====== SUPPLIED MATERIAL

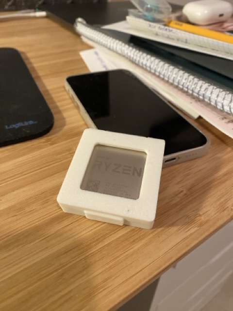 Unabhängig gibt es noch einen Nachtrag von mir. Da ich mich immer noch über meinen Prozessor freue, will ich euch nicht vorenthalten, wie er bei mir ankam. Der Verkäufer hatte die kleine Plastikhülle verlegt und deshalb diese Box in seinem 3D-Drucker gebastelt. Der Prozessor passt auf den Millimeter genau hinein. Ich bin immer noch beeindruckt über so viel Liebe zum Detail. Die Box bekommt von mir einen Ehrenplatz. Ich finde das großartig, wenn sich jemand solch eine Mühe macht. Ich habe ihm das auch geschrieben und mich ehrlichen Herzens bedankt!!!!! Und deshalb poste ich hier auch diese Bilder, noch ist nicht überall Hopfen und Malz verloren!
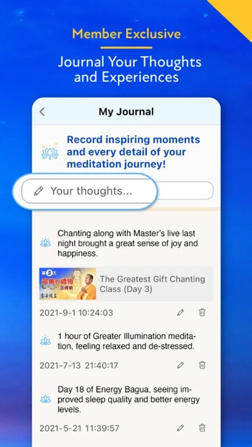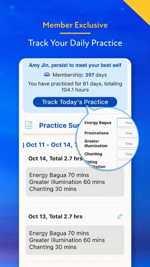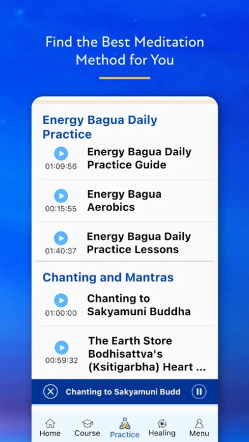 The APP includes 3 sections: Classroom, Practice and Energy Blessings
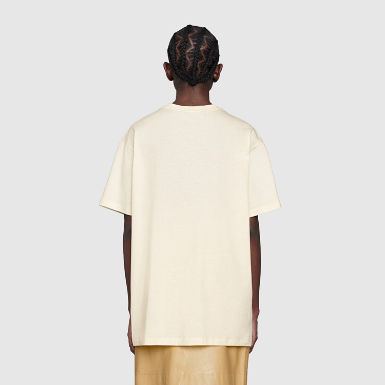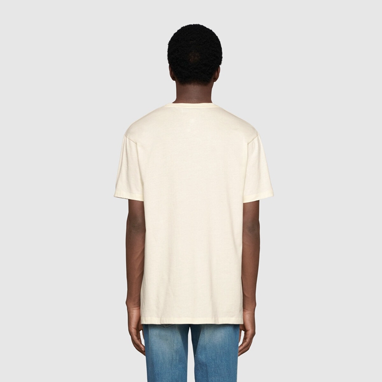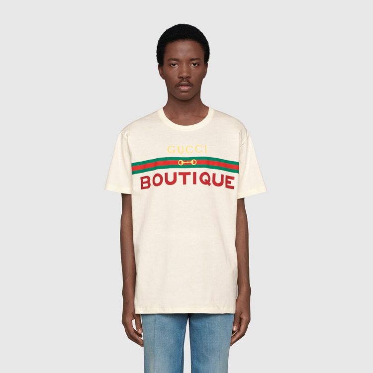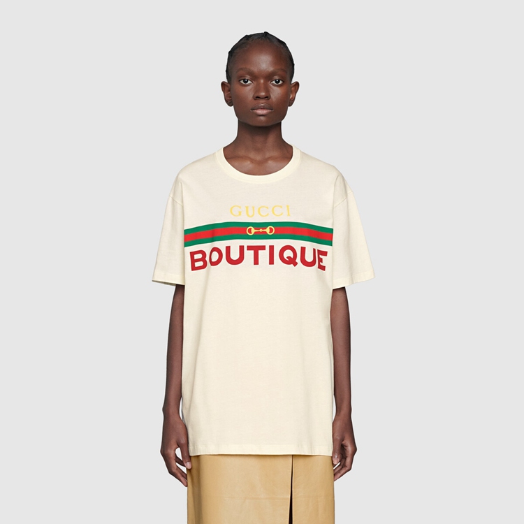 Style 615044 XJCKY 7136 A combination of historical elements that speak to Gucci’s heritage, like The Horsebit and The Web, The Boutique print has an intrinsic vintage feel. Introduced in The Spring Summer 2020 collection, The motif is presented on an off-white cotton jersey T-shirt.
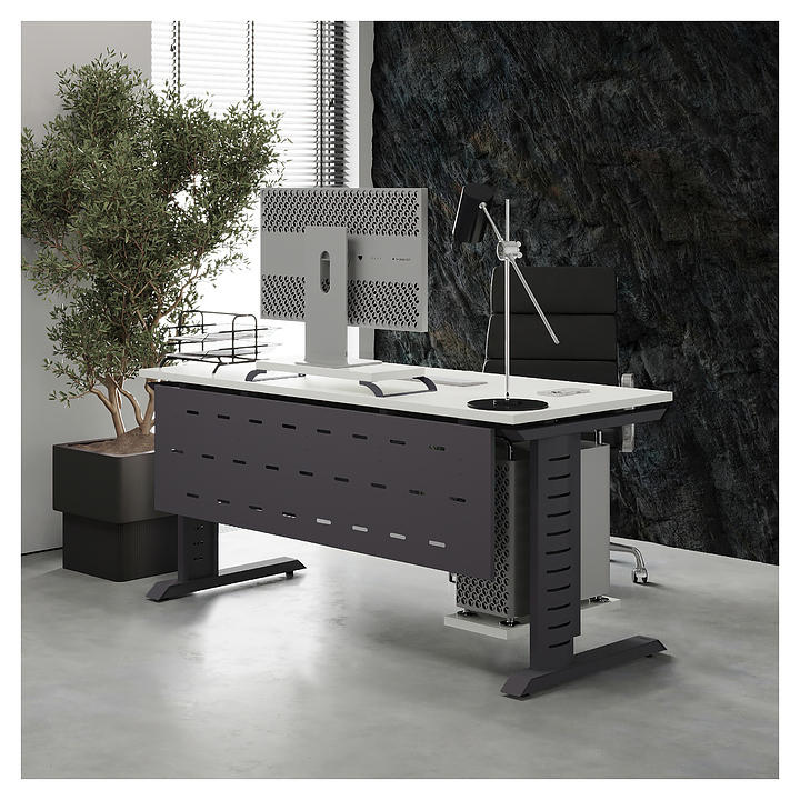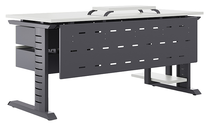 Офисный стол Кобор L2-120/60 graphite/premium используется в офисных помещениях и кабинетах руководителей. Модель оснащена L-образными опорами с декоративными вставками на боковинах. Каркас выполнен из металла, выкрашенного в цвет графит муар (RAL7024), столешница – из ламинированной древесно-стружечной плиты (ЛДСП) цвета белый премиум (W1000 ST9). Опции (заказываются отдельно):
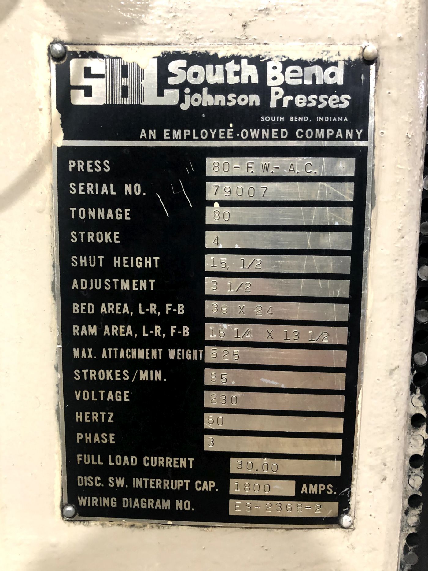 | CAPACITY | 80 TONS | STROKE | 4" | MAX. SHUT HEIGHT TO BED | 15.5" | BED AREA | 36" X 24" (RL X FB) | RAM AREA | 16.25" X 13.5" (RL X FB) | RAM ADJUSTMENT | 3.5" | SPEED | 85 SPM | BOLSTER PLATE | 36" X 24" (RL X FB) X 3.5" THICK T-SLOTTED BOLSTER PLATE | DISTANCE BETWEEN UPRIGHTS | 17.5" | FLOOR TO BED | 33.5" | THROAT DEPTH | 14" | CLUTCH | AIR CLUTCH & BRAKE | PRESS CONTROLS | SSM PRESS CONTROL MODEL SSM-10 (R7I) | ELECTRICAL | 7.5 HP 230/460V-3-60 LINCOLN MOTOR | 30/15 AMPS | APPROX. DIMENSIONS | 77" X 82" (RL X FB) X 123" HIGH | APPROX. WEIGHT | 16,500 LBS. | Equipped With | __ | Note | __ |
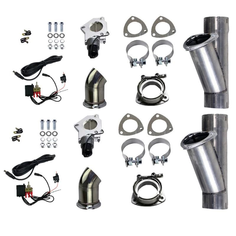 2.5" (63mm) Electronic Exhaust Cutout - Dual System - Aluminized Mild Steel wth Slip Fit and Band Clamps.
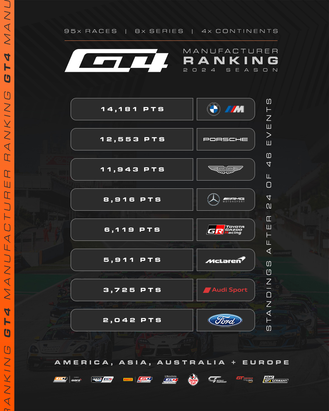 BMW has stretched its advantage at the top of the GT4 Manufacturer Ranking, while Porsche is facing increasing pressure from Aston Martin as the season reaches its halfway point.
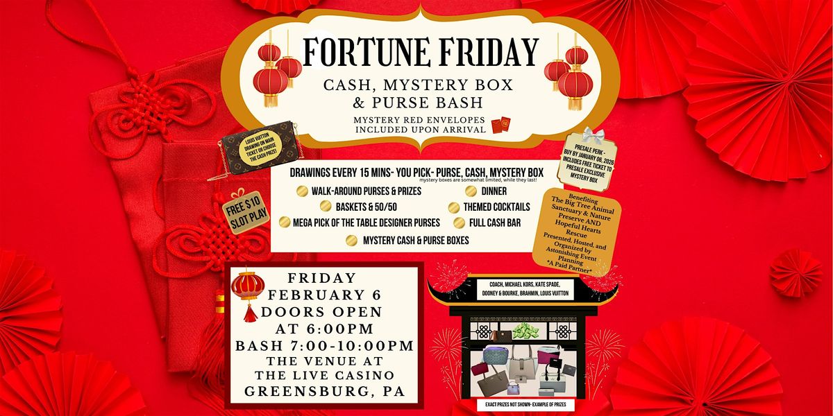Get ready to win big with our Fortune Friday Bash, where you can win purses, cash, mystery boxes, and more surprises!About this Event
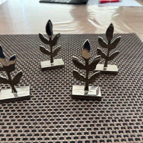 7 stk bordkortholdere sølvfarget metall grener blader
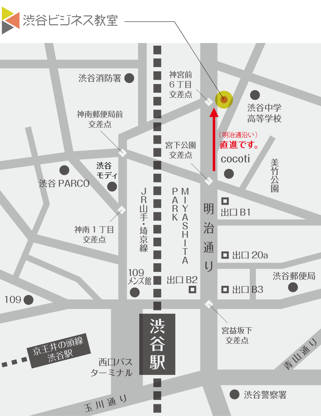 渋谷駅から徒歩5分。明治通り沿いの分かりやすい場所です。 JR山手線、東京メトロ各線「渋谷駅」より徒歩5分。渋谷駅地下道【出口B1】からは明治通り沿いに原宿方面に徒歩1分。神宮前6丁目交差点の横にある「宮下パークビル」702号室です。 (茶色い越一ビルの隣です。)〒150-0001 東京都渋谷区神宮前6-19-16-702
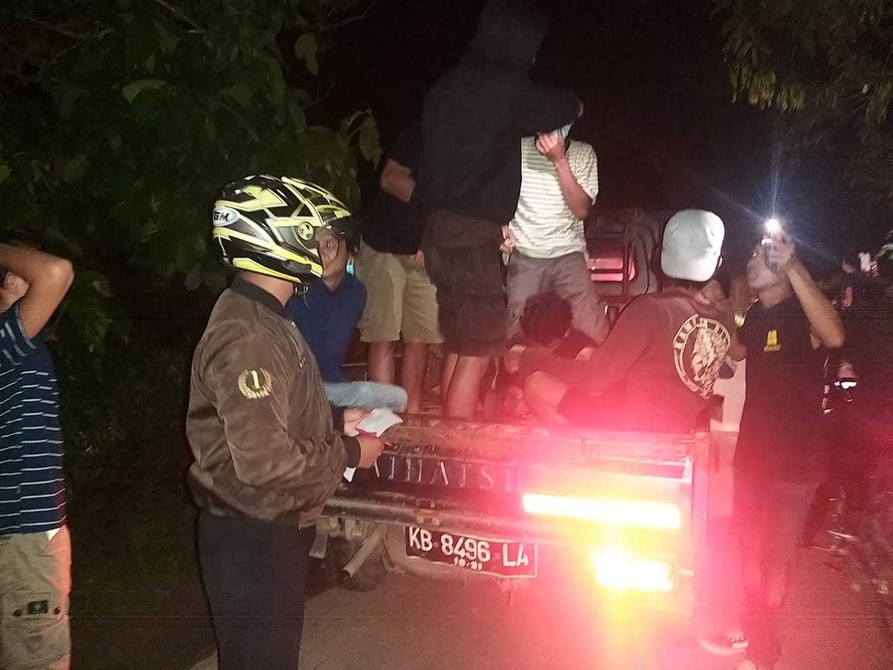 Beriringan dengan kendaraan Sepeda Motor merk Honda Supra X ( KB 4385 BH) yang dikendarai oleh C. Noval (16 th), Pelajar, dengan memboncengi Indra Wahyu (17) th, Pelajar, dengan kecepatan tinggi dengan kondisi jalan yang sempit dan gelap serta menikung menyebabkan kendaraan Yamaha Jupiter Z (B 6314 PIO) Mengenai bemper lampu depan sebelah kanan Mobil Daihatsu Sigra (KB 1427 LF) sehingga kendaraan yamaha Jupiter Z (B 6314 PIO) Kehilangan kendali dan menabrak bagian belakang motor Honda Supra X (KB 4385 BH) sehingga Kendaraan Motor Honda Supra X hilang kendali danbmenabrak tembok rumah warga yang disamping jalan. Jelas Briptu Hendro.
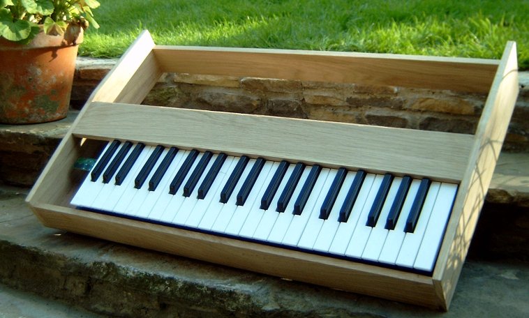 Keyboard now 3 1/2 octaves and mounted in cabinet, front strip also added.
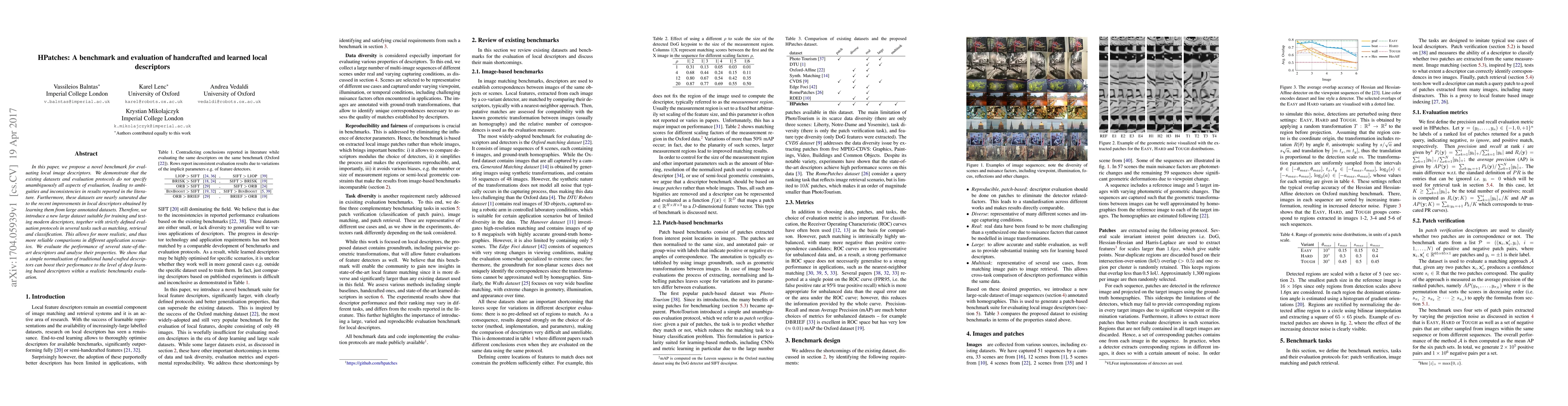 The paper presents HPatches, a new benchmark for local image descriptor evaluation, addressing ambiguities in existing datasets. It introduces a large dataset and strict protocols for tasks like matching, retrieval, and classification. The study reveals that normalizing traditional descriptors can match deep learning-based methods' performance, highlighting the importance of proper evaluation methods.
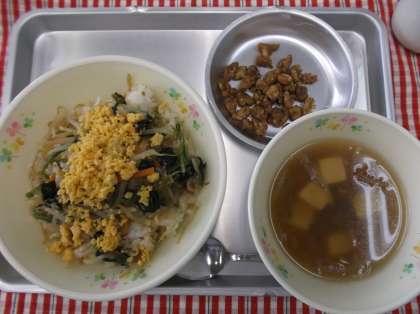 ビビンバ とうふときくらげのスープ くるみ黒糖 牛乳
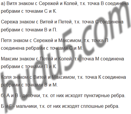 б) Во дворе гуляют братья и сестры одной семьи. Кто из этих детей мальчики, а кто девочки (рис. 91, б)? (Пунктирные ребра графа исходят от сестер, а сплошные от братьев.)
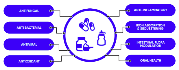 Lactoferrin is a whey protein fraction that occurs naturally in both bovine and human milk. First isolated in 1939 and used in infant formula since the ‘80s, it’s an iron-binding glycoprotein that’s also found in supplements, gummies and even dental products. Its most researched benefits are highlighted in figure 1.
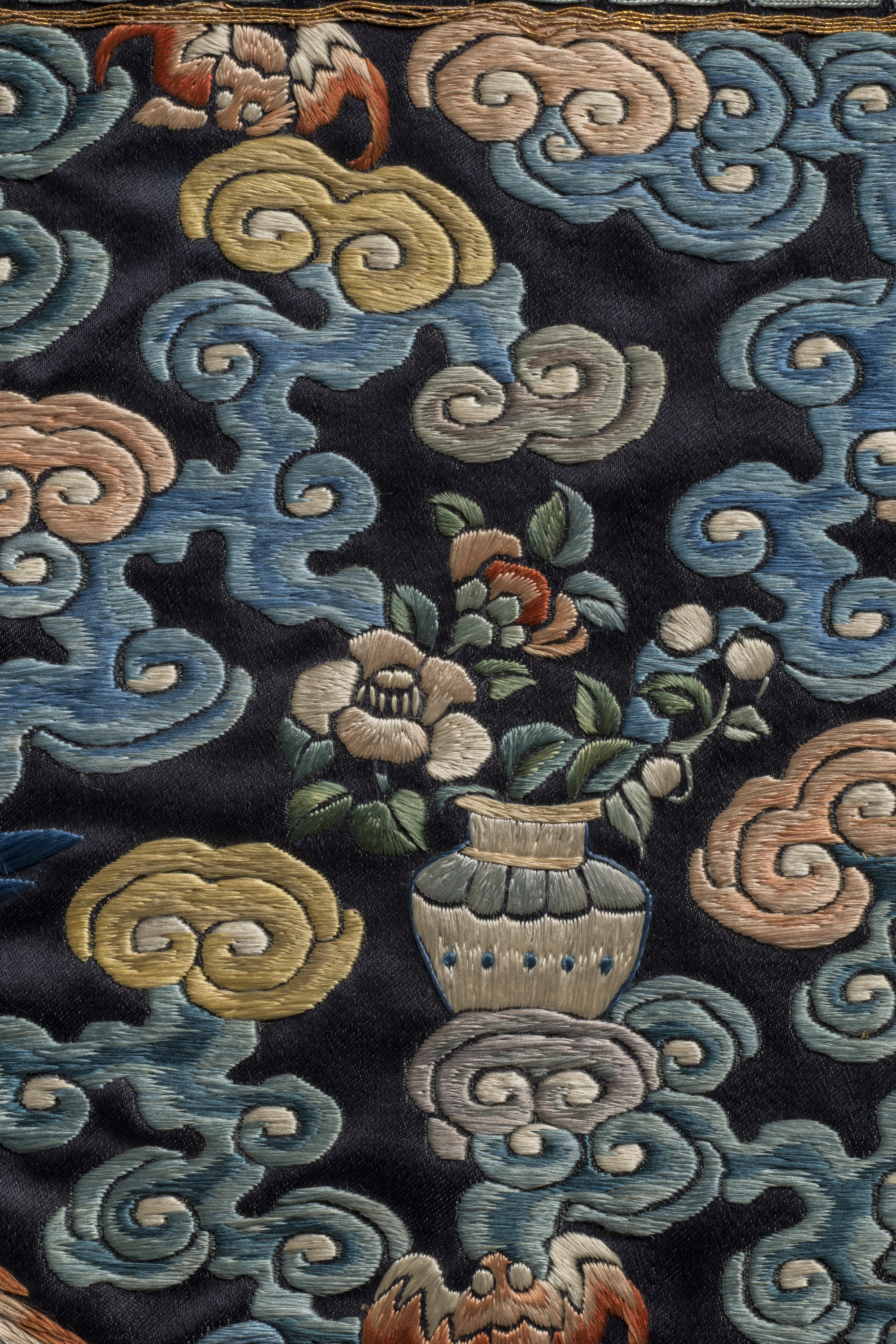 Przedstawienie na emblemacie stało się bardziej dekoracyjne. Tło jest ornamentalne z motywem Ośmiu Drogocenności, którym towarzyszą nietoperze, symbole szczęścia i długowieczności. Pojawiają się rośliny przynoszące szczęście, jak święte grzyby lingzhi.

============

== ASSIGNMENT ==
Repeat the listing word for word. Leave images out.

== WRITTEN SOLUTION ==
 Unabhängig gibt es noch einen Nachtrag von mir. Da ich mich immer noch über meinen Prozessor freue, will ich euch nicht vorenthalten, wie er bei mir ankam. Der Verkäufer hatte die kleine Plastikhülle verlegt und deshalb diese Box in seinem 3D-Drucker gebastelt. Der Prozessor passt auf den Millimeter genau hinein. Ich bin immer noch beeindruckt über so viel Liebe zum Detail. Die Box bekommt von mir einen Ehrenplatz. Ich finde das großartig, wenn sich jemand solch eine Mühe macht. Ich habe ihm das auch geschrieben und mich ehrlichen Herzens bedankt!!!!! Und deshalb poste ich hier auch diese Bilder, noch ist nicht überall Hopfen und Malz verloren!
 The APP includes 3 sections: Classroom, Practice and Energy Blessings
 Style 615044 XJCKY 7136 A combination of historical elements that speak to Gucci’s heritage, like The Horsebit and The Web, The Boutique print has an intrinsic vintage feel. Introduced in The Spring Summer 2020 collection, The motif is presented on an off-white cotton jersey T-shirt.
 Офисный стол Кобор L2-120/60 graphite/premium используется в офисных помещениях и кабинетах руководителей. Модель оснащена L-образными опорами с декоративными вставками на боковинах. Каркас выполнен из металла, выкрашенного в цвет графит муар (RAL7024), столешница – из ламинированной древесно-стружечной плиты (ЛДСП) цвета белый премиум (W1000 ST9). Опции (заказываются отдельно):
 | CAPACITY | 80 TONS | STROKE | 4" | MAX. SHUT HEIGHT TO BED | 15.5" | BED AREA | 36" X 24" (RL X FB) | RAM AREA | 16.25" X 13.5" (RL X FB) | RAM ADJUSTMENT | 3.5" | SPEED | 85 SPM | BOLSTER PLATE | 36" X 24" (RL X FB) X 3.5" THICK T-SLOTTED BOLSTER PLATE | DISTANCE BETWEEN UPRIGHTS | 17.5" | FLOOR TO BED | 33.5" | THROAT DEPTH | 14" | CLUTCH | AIR CLUTCH & BRAKE | PRESS CONTROLS | SSM PRESS CONTROL MODEL SSM-10 (R7I) | ELECTRICAL | 7.5 HP 230/460V-3-60 LINCOLN MOTOR | 30/15 AMPS | APPROX. DIMENSIONS | 77" X 82" (RL X FB) X 123" HIGH | APPROX. WEIGHT | 16,500 LBS. | Equipped With | __ | Note | __ |
 2.5" (63mm) Electronic Exhaust Cutout - Dual System - Aluminized Mild Steel wth Slip Fit and Band Clamps.
 BMW has stretched its advantage at the top of the GT4 Manufacturer Ranking, while Porsche is facing increasing pressure from Aston Martin as the season reaches its halfway point.
Get ready to win big with our Fortune Friday Bash, where you can win purses, cash, mystery boxes, and more surprises!About this Event
 7 stk bordkortholdere sølvfarget metall grener blader
 渋谷駅から徒歩5分。明治通り沿いの分かりやすい場所です。 JR山手線、東京メトロ各線「渋谷駅」より徒歩5分。渋谷駅地下道【出口B1】からは明治通り沿いに原宿方面に徒歩1分。神宮前6丁目交差点の横にある「宮下パークビル」702号室です。 (茶色い越一ビルの隣です。)〒150-0001 東京都渋谷区神宮前6-19-16-702
 Beriringan dengan kendaraan Sepeda Motor merk Honda Supra X ( KB 4385 BH) yang dikendarai oleh C. Noval (16 th), Pelajar, dengan memboncengi Indra Wahyu (17) th, Pelajar, dengan kecepatan tinggi dengan kondisi jalan yang sempit dan gelap serta menikung menyebabkan kendaraan Yamaha Jupiter Z (B 6314 PIO) Mengenai bemper lampu depan sebelah kanan Mobil Daihatsu Sigra (KB 1427 LF) sehingga kendaraan yamaha Jupiter Z (B 6314 PIO) Kehilangan kendali dan menabrak bagian belakang motor Honda Supra X (KB 4385 BH) sehingga Kendaraan Motor Honda Supra X hilang kendali danbmenabrak tembok rumah warga yang disamping jalan. Jelas Briptu Hendro.
 Keyboard now 3 1/2 octaves and mounted in cabinet, front strip also added.
 The paper presents HPatches, a new benchmark for local image descriptor evaluation, addressing ambiguities in existing datasets. It introduces a large dataset and strict protocols for tasks like matching, retrieval, and classification. The study reveals that normalizing traditional descriptors can match deep learning-based methods' performance, highlighting the importance of proper evaluation methods.
 ビビンバ とうふときくらげのスープ くるみ黒糖 牛乳
 б) Во дворе гуляют братья и сестры одной семьи. Кто из этих детей мальчики, а кто девочки (рис. 91, б)? (Пунктирные ребра графа исходят от сестер, а сплошные от братьев.)
 Lactoferrin is a whey protein fraction that occurs naturally in both bovine and human milk. First isolated in 1939 and used in infant formula since the ‘80s, it’s an iron-binding glycoprotein that’s also found in supplements, gummies and even dental products. Its most researched benefits are highlighted in figure 1.
 Przedstawienie na emblemacie stało się bardziej dekoracyjne. Tło jest ornamentalne z motywem Ośmiu Drogocenności, którym towarzyszą nietoperze, symbole szczęścia i długowieczności. Pojawiają się rośliny przynoszące szczęście, jak święte grzyby lingzhi.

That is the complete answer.